**What to do:** Below are entries. Give back exactly the lines from the one containing "② 料理は、お酒にも合うメイ" through the one containing "银川市中小学招生领导小组将三", inclusive, without the pictures.

**Records supplied:**
━━━━━━━━━━━━━━━━━━━━━━━━━━━━━━
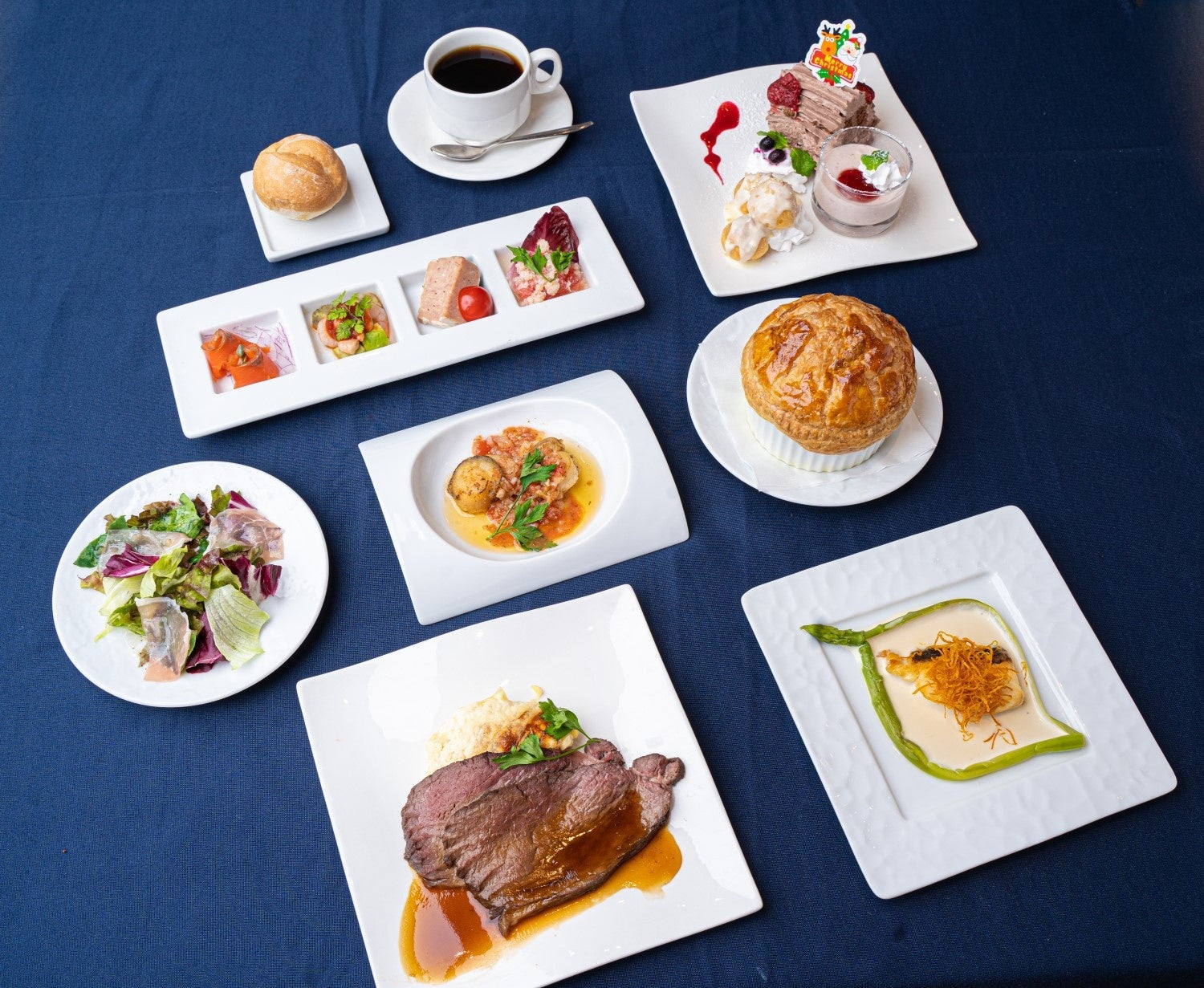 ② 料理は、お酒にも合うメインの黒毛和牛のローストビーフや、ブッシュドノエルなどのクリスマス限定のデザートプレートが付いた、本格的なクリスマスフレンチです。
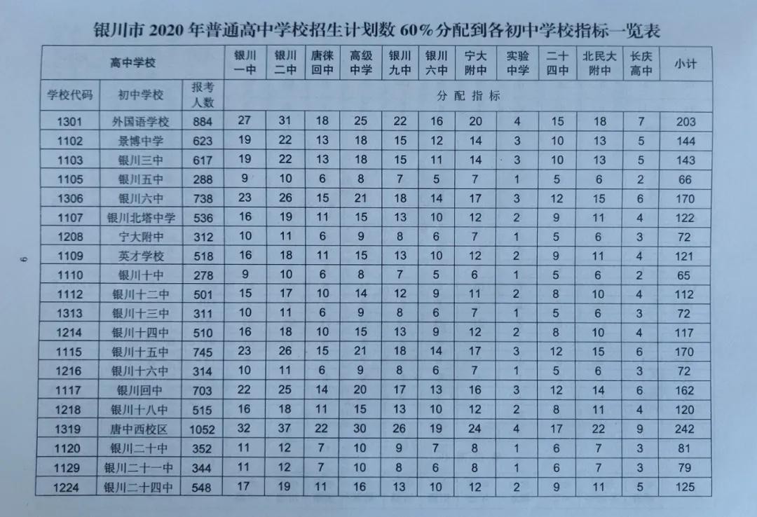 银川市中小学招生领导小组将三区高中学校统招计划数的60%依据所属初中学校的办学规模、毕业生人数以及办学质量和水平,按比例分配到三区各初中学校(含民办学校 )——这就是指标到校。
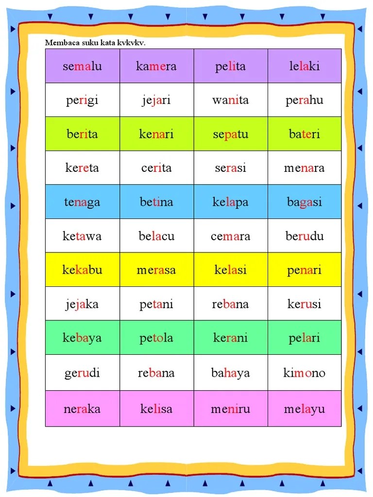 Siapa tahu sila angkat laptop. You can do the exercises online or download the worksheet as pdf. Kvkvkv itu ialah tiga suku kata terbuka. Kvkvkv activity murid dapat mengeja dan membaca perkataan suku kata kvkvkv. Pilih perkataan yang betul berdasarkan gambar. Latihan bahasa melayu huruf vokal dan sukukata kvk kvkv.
━━━━━━━━━━━━━━━━━━━━━━━━━━━━━━
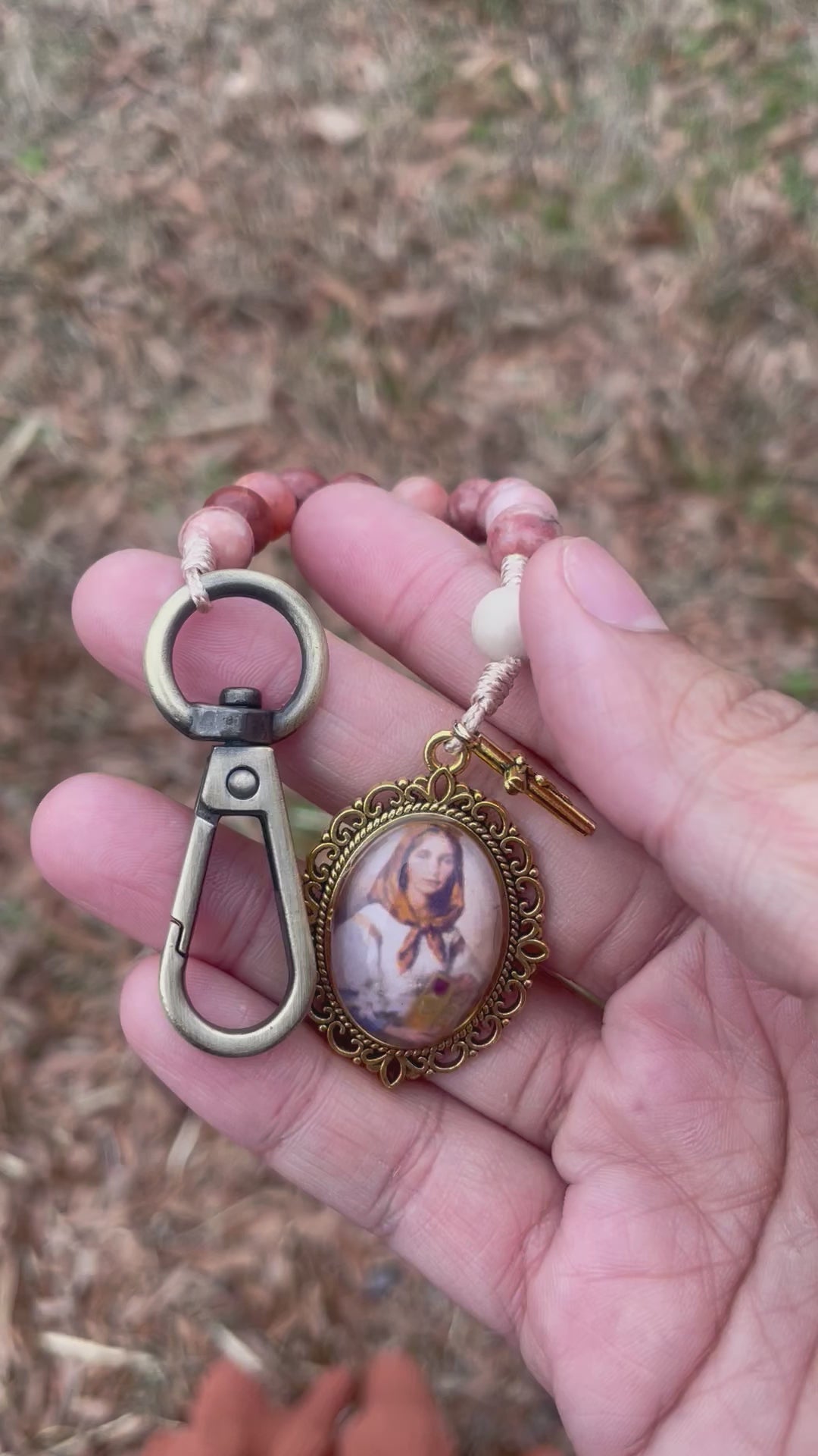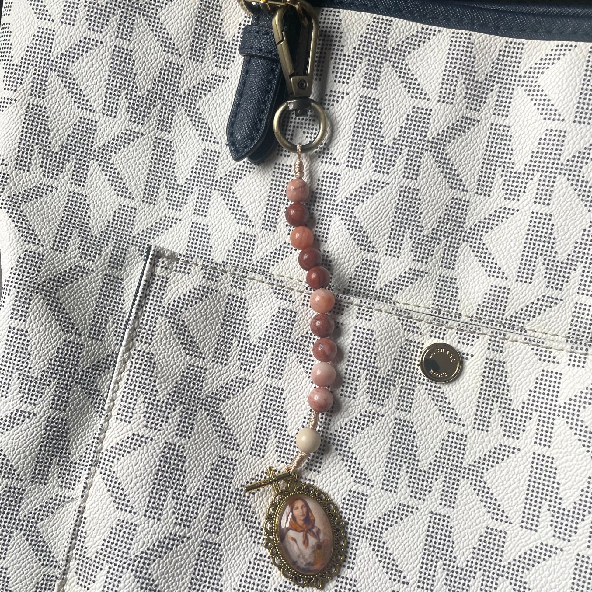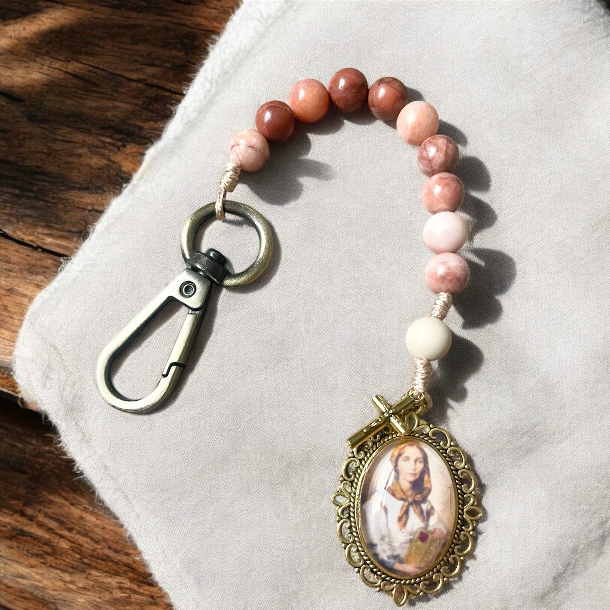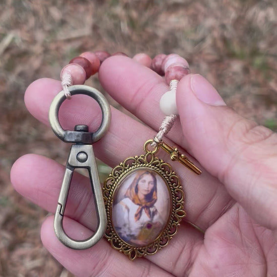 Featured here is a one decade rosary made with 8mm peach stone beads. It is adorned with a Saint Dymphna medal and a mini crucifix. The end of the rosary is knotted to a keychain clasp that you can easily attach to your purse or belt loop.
━━━━━━━━━━━━━━━━━━━━━━━━━━━━━━
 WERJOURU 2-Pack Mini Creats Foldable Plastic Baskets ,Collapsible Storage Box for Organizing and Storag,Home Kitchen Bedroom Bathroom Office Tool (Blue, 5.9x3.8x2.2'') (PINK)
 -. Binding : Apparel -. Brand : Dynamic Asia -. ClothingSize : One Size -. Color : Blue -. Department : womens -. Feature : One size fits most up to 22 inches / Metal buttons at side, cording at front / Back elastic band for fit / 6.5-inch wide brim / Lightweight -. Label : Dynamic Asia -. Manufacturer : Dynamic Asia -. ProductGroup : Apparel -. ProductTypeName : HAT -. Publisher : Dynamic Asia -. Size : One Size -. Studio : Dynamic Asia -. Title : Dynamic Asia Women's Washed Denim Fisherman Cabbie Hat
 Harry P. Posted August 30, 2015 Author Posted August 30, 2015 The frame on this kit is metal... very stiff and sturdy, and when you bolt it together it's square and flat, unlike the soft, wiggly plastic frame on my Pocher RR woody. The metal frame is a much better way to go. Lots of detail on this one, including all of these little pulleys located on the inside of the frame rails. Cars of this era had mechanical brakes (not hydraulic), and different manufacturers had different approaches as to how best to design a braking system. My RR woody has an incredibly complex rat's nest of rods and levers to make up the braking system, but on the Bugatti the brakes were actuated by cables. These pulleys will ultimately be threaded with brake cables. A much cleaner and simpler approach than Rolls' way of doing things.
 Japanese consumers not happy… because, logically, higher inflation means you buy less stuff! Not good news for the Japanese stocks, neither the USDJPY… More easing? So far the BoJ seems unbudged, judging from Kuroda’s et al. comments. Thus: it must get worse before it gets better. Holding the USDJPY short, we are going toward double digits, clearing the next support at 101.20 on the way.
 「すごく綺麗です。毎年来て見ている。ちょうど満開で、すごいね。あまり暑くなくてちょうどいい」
━━━━━━━━━━━━━━━━━━━━━━━━━━━━━━
**Task solution:**
 ② 料理は、お酒にも合うメインの黒毛和牛のローストビーフや、ブッシュドノエルなどのクリスマス限定のデザートプレートが付いた、本格的なクリスマスフレンチです。
 银川市中小学招生领导小组将三区高中学校统招计划数的60%依据所属初中学校的办学规模、毕业生人数以及办学质量和水平,按比例分配到三区各初中学校(含民办学校 )——这就是指标到校。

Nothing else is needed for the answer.